A database can provide strong consistency and system availability during network partitions. The common belief that this combination is impossible is based on a misunderstanding of the CAP theorem.
What is the CAP Theorem?
In 2000, Eric Brewer conjectured that a distributed system cannot simultaneously provide all three of the following desirable properties:
Consistency: A read sees all previously completed writes.
Availability: Reads and writes always succeed.
Partition tolerance: Guaranteed properties are maintained even when network failures prevent some machines from communicating with others.
In 2002, Gilbert and Lynch proved this in the asynchronous and partially synchronous network models, so it is now commonly called the CAP Theorem.
Brewer originally described this impossibility result as forcing a choice of “two out of the three” CAP properties, leaving three viable design options: CP, AP, and CA. However, further consideration shows that CA is not really a coherent option because a system that is not Partition-tolerant will, by definition, be forced to give up Consistency or Availability during a partition. Therefore, a more modern interpretation of the theorem is: during a network partition, a distributed system must choose either Consistency or Availability.
What does choosing Availability mean?
Let’s consider an AP database. In such a database, reads and writes would always succeed, even when network connectivity is unavailable between nodes. If possible, these would certainly seem like desirable properties!
However, the downside is stark. Imagine a simple distributed database consisting of two nodes and a network partition making them unable to communicate. To be Available, each of the two nodes must continue to accept writes from clients.
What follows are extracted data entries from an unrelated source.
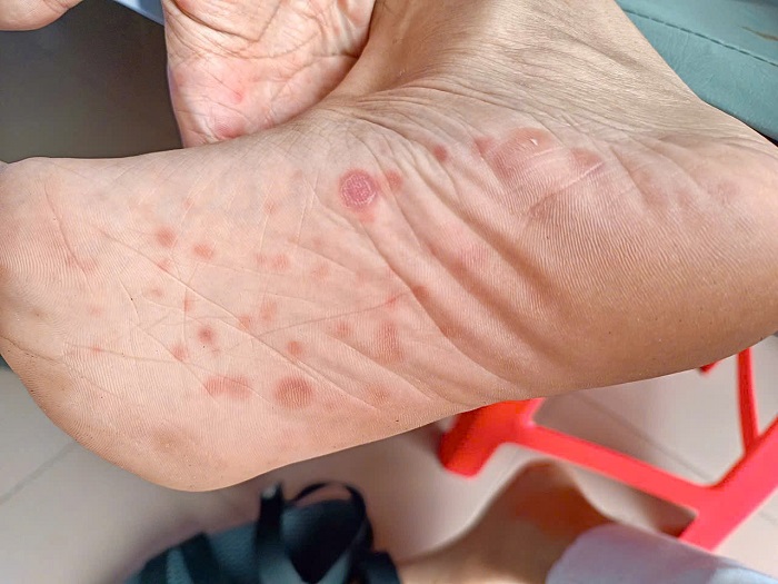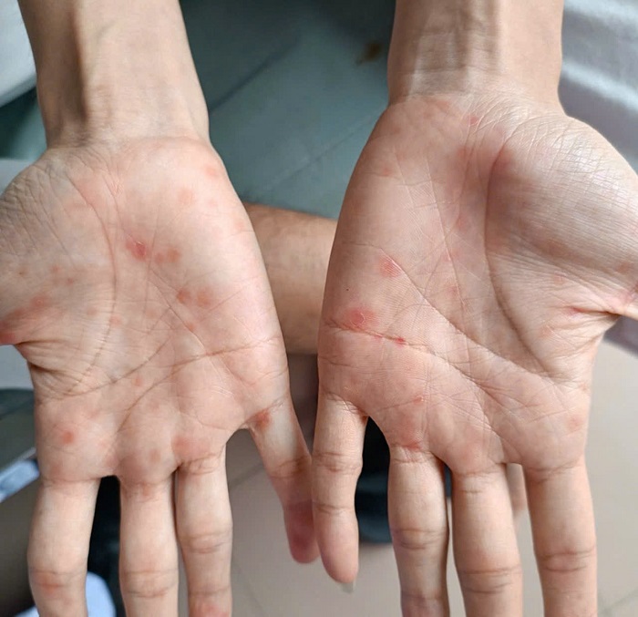 Sẩn vảy giang mai ở lòng bàn tay, bàn chân (hình thực tế tại BVDL Cần Thơ)
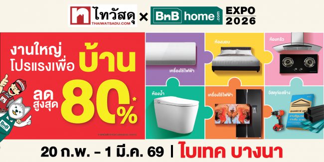 ไทวัสดุ และบีเอ็นบี โฮม ผู้นำธุรกิจค้าปลีกวัสดุก่อสร้างและสินค้าตกแต่งบ้าน ภายใต้บริษัท ซีอาร์ซี ไทวัสดุ จำกัด ในเครือเซ็นทรัล รีเทล ต้อนรับปีม้าไฟ เล่นใหญ่รับต้นปีจัดมหกรรมสินค้าเพื่อบ้านที่ใหญ่ที่สุดแห่งปี “ไทวัสดุ x บีเอ็นบี โฮม เอ็กซ์โป 2026” ยกทัพขบวนสินค้าวัสดุก่อสร้างและสินค้าตกแต่งบ้าน เฟอร์นิเจอร์ สุขภัณฑ์ เครื่องใช้ไฟฟ้า สินค้า และไลน์สินค้าเพื่อคนรักบ้านแบบครบวงจร มอบความคุ้มค่ากับส่วนลดสูงสุด 80 % พร้อมพบกับโปรโมชั่นเด็ดและสิทธิพิเศษอื่น ๆ อีกมากมาย ตลอด 10 วันเต็ม! ให้คุณได้ช้อปครบจบทุกความต้องการเรื่องบ้านในงานเดียวตั้งแต่วันที่ 20 ก.พ. – 1 มี.ค. 69 ณ ไบเทค บางนา
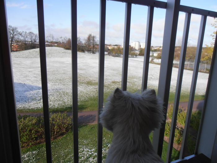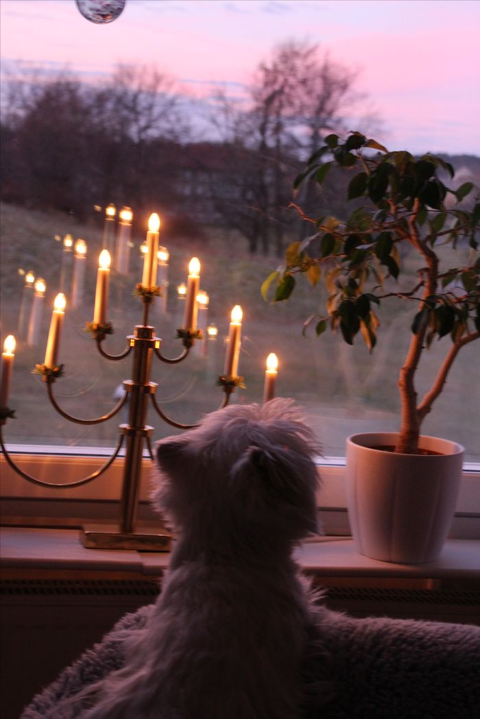 Äntligen lugnt efter gårdagens fyrverkeri – då vi måste stänga balkongdörren. Smällar gillar vi inte !

Of course, because the partition makes communication impossible, a write on one node cannot be seen by the other. Such a system is now “a database” in name only. As long as the partition lasts, the system is fully equivalent to two independent databases whose contents need not even be related, much less consistent.
Where’s the confusion?
Confusion about the CAP theorem usually involves the interpretation of the Availability property. Availability in the CAP sense means that all nodes remain able to read and write even when partitioned. A system that keeps some, but not all, of its nodes able to read and write is not Available in the CAP sense, even if it remains available to clients and satisfies its SLAs for high availability.
What does FoundationDB choose?
As any ACID database must, during a network partition FoundationDB chooses Consistency over Availability. This does not mean that the database becomes unavailable for clients. When multiple machines or datacenters hosting a FoundationDB database are unable to communicate, some of them will be unable to execute writes. In a wide variety of real-world cases, the database and the application using it will remain up. A network partition affecting some machines is no worse than a failure of those same machines, which FoundationDB handles gracefully due to its fault tolerant design.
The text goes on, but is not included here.